Christian Boesch (born 27 July 1941) is an Austrian operatic baritone. He is the son of the soprano Ruthilde Boesch, and studied at the University of Music and Performing Arts Vienna, from 1959 to 1964. He was the pupil of Alfred Jerger, and made his official debut at the Stadttheater, Bern, in 1966. He joined the Vienna Volksoper in 1975.
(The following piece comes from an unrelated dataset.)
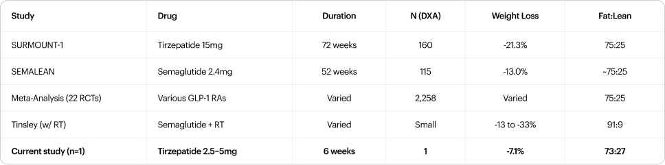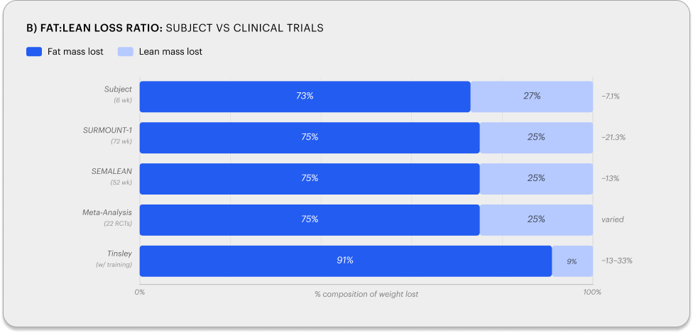 Pre-drug and on-drug Ring AIR metrics were compared as period means (92 days vs 42 days). Blood markers were compared as absolute and percentage changes between two time points. DEXA body composition changes were calculated as absolute mass changes and percentage contributions to total weight loss. Weight loss composition was benchmarked against DEXA-verified clinical trial data from SURMOUNT-1 (n=160),[2] SEMALEAN (n=115),[4] a meta-analysis of 22 RCTs (n=2,258),[5] and a resistance training case series[7].
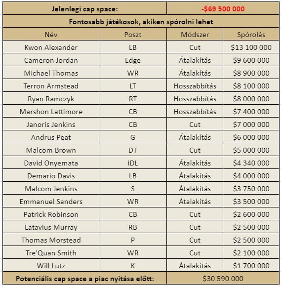 Cameron Jordan, Emmanuel Sanders, Will Lutz, Andrus Peat, Michael Thomas, Malcom Jenkins, Demario Davis és David Onyemata szerződésének átalakításával 41,75 millió dollárt lehet felszabadítani, amivel nemcsak beférne a fizetési plafon alá a csapat, de viszonylag kényelmes helyzetbe kerülne. 30 millió dollár már sok mindenre elég lehet, de nem szabad ebbe túl sok mindent látni.

It was in 1978 when Boesch came to prominence, as Papageno in Die Zauberflöte, at the Salzburg Festival, in Jean-Pierre Ponnelle's production, conducted by James Levine. The next year, the singing-actor made his debut at the Metropolitan Opera, as Papageno. He returned for the same opera in 1981 (now with Lucia Popp and Gail Robinson alternating as Pamina, and Zdzisława Donat as the Queen of Night), and the same season sang Monsieur Presto in the Met premiere of Les mamelles de Tirésias (directed by John Dexter). In 1983, he appeared again at that theatre for their Centennial Gala and Don Giovanni (as Masetto), opposite James Morris, Edda Moser, Carol Neblett, Paul Plishka, Roberta Alexander and John Macurdy. His final appearances at the Met were in the title part of Wozzeck, in 1985.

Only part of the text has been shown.